02/07/2017
Domingo
XIII Ordinario
2
R 4, 8-11. 14-16a
Sal
88, 2-3. 16-19
Rm
6, 3-4. 8-11
Mt
10, 37-42
Perder o ganar la
vida. Todo depende del color del cristal. Jesús nos presenta de nuevo una
posibilidad alternativa a nuestra manera de comprender el mundo. Dejar de lado
aquello que te ate a un pasado ya agotado y renunciar al engaño de promesas de
un futuro que hipotecan tu vida. Es un lenguaje duro, pero más allá de las
personas concretas habrá que pensar en nosotros mismos como el eslabón capaz de
romper la cadena. Ni el ayer ni el mañana tienen ya valor. Tan sólo el presente
puede vivirse como lugar de revelación en el que Dios te habla. Sólo quien es libre puede volver la espalda a
cualquier atadura y abrazar la cruz.
Abrimos los brazos
como la gran puerta que franquea el paso hasta nuestro corazón para acoger las
aguas bautismales que nos incorporan a Cristo y en las que compartimos su vida,
su muerte y su Vida. No abrazamos
simplemente la cruz ni la cargamos con resignación; es un patíbulo intolerable.

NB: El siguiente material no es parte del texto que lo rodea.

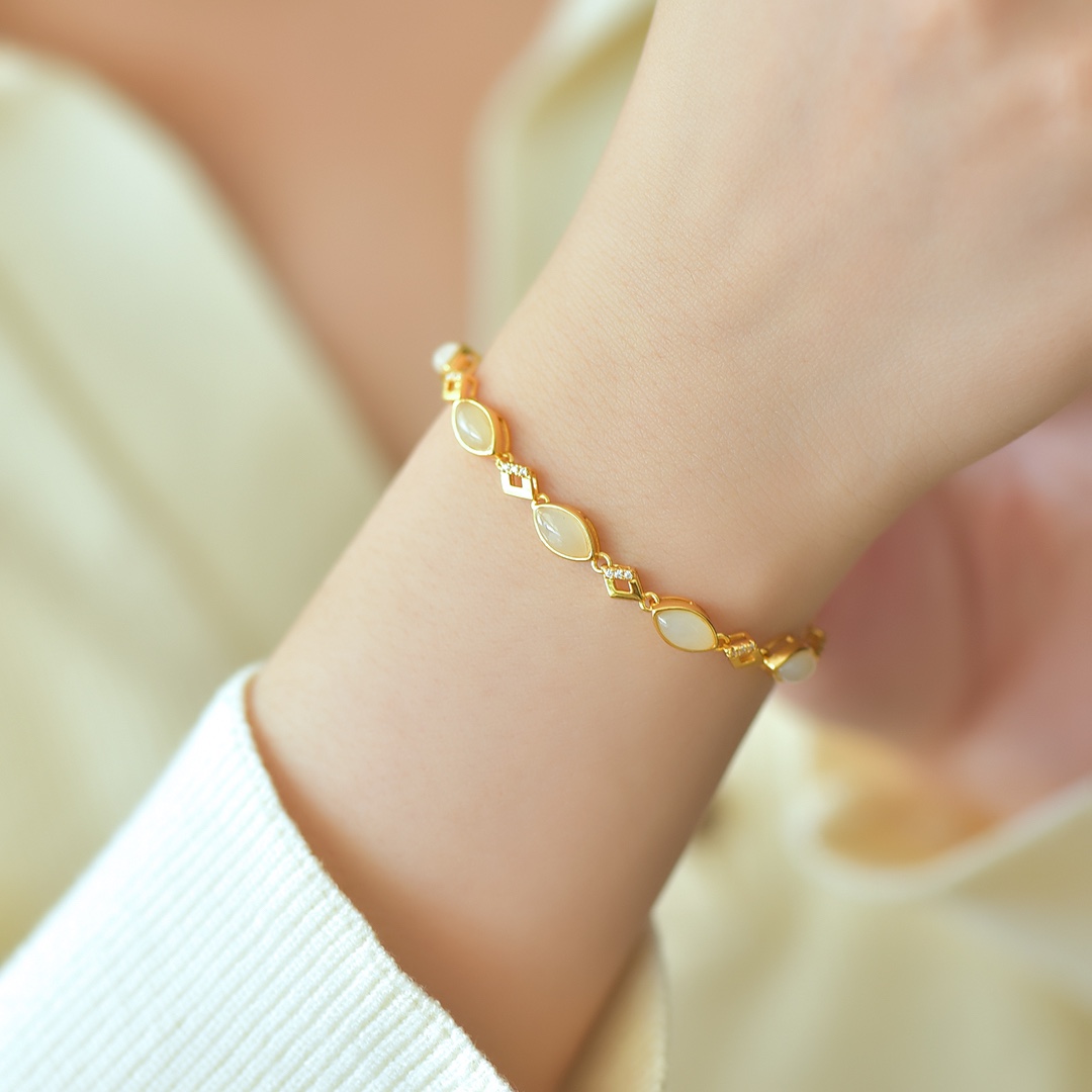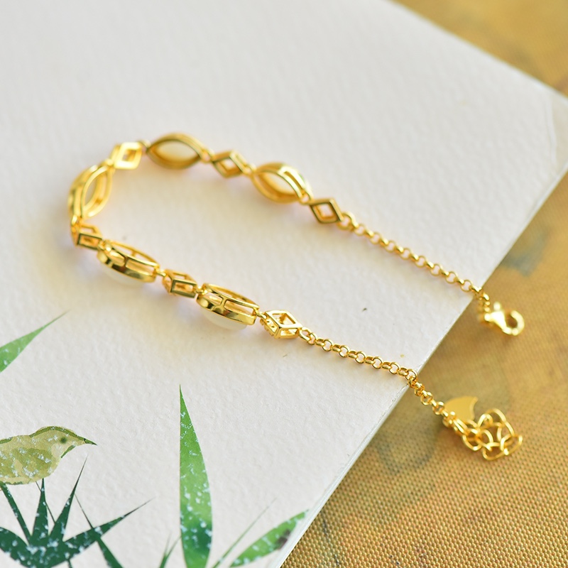 S925银镀18K金镶嵌天然新疆和田玉马眼手链女款时尚高档大气玉石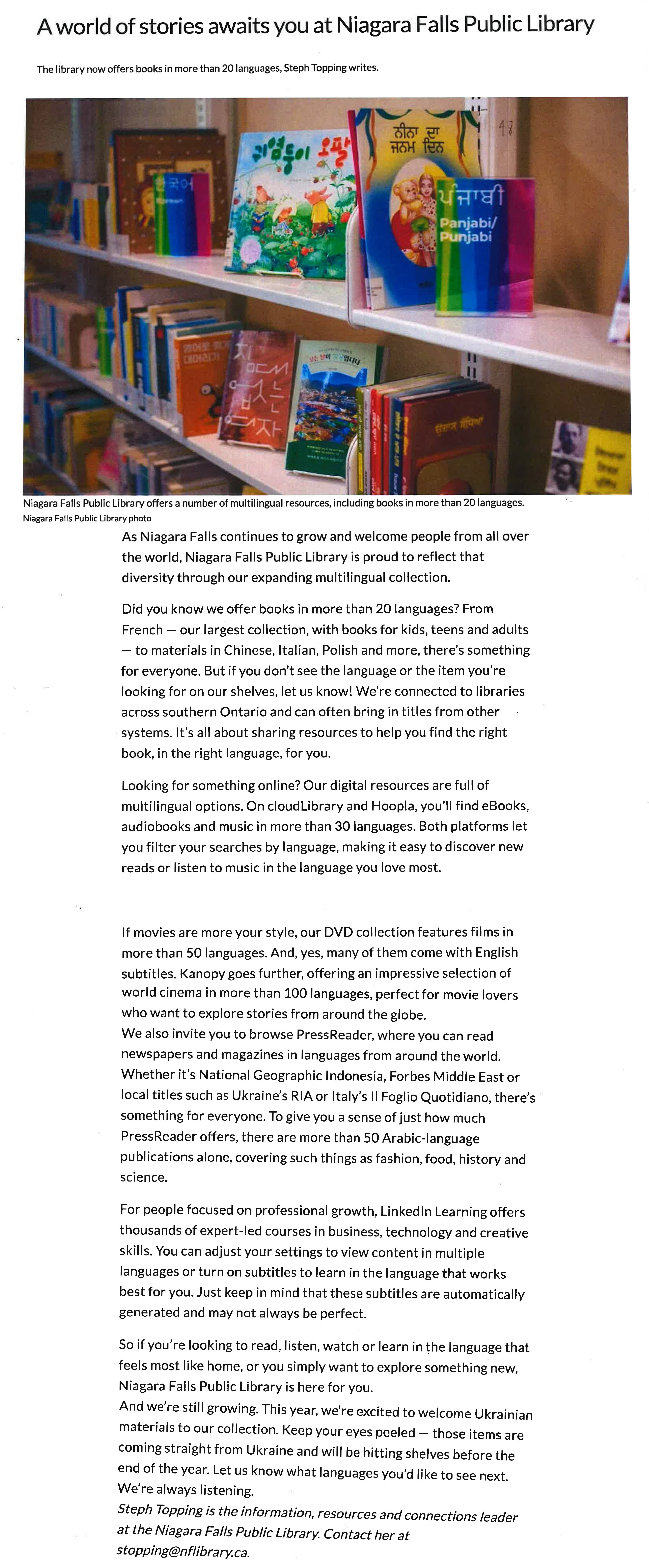 - A world of stories awaits you at Niagara Falls Public Library : The Library now offers books in more than 20 languages

Acogemos a quienes en ella encontramos y la acogemos a ella como consecuencia
de una vida nueva en la que no nos guían ya criterios mundanos, aceptamos lo
que nos es ofrecido y nos desvivimos por transmitir a todos el don de Dios: el
hijo de la esperanza, el fruto que el mundo negó a los sencillos, se lo ofrece
Dios a través nuestro. Surgen nuevos lazos familiares, nuevas estructuras y
entramados que cohesionan la realidad de forma diversa, alternativa, sanadora.
El rostro del Señor es la luz que nos guía, su misericordia nos sale al paso en
cada camino, en cada encrucijada. La cruz es el lugar del encuentro entre los
hombres y entre todos ellos y Dios. En ella, la única verdad es la que cada uno
extrae de sí mismo. Es lugar de encuentro porque no queda ya nada a lo que
agarrarte. En cada encuentro, todos renunciamos a algo, todos morimos un poco y
ganamos una nueva porción de vida.
También Dios pierde algo:
un poco de esa trascendencia que nos lo aleja, de esa divinidad que lo ve
siempre inalcanzable y severo. Gana, a cambio, a todos los que, tras
escucharle, se sumergen en el océano de
su misericordia, liberados ya de las ligaduras de la muerte. Así, obtenemos nosotros una nueva ciudadanía,
un nuevo amor que supera cualquier dependencia, un mundo transfigurado en el
que habitar juntos, una libertad en la que respirar a Dios. Inhalar y exhalar…
el Dios acogido y el Dios entregado… ahora, en este instante.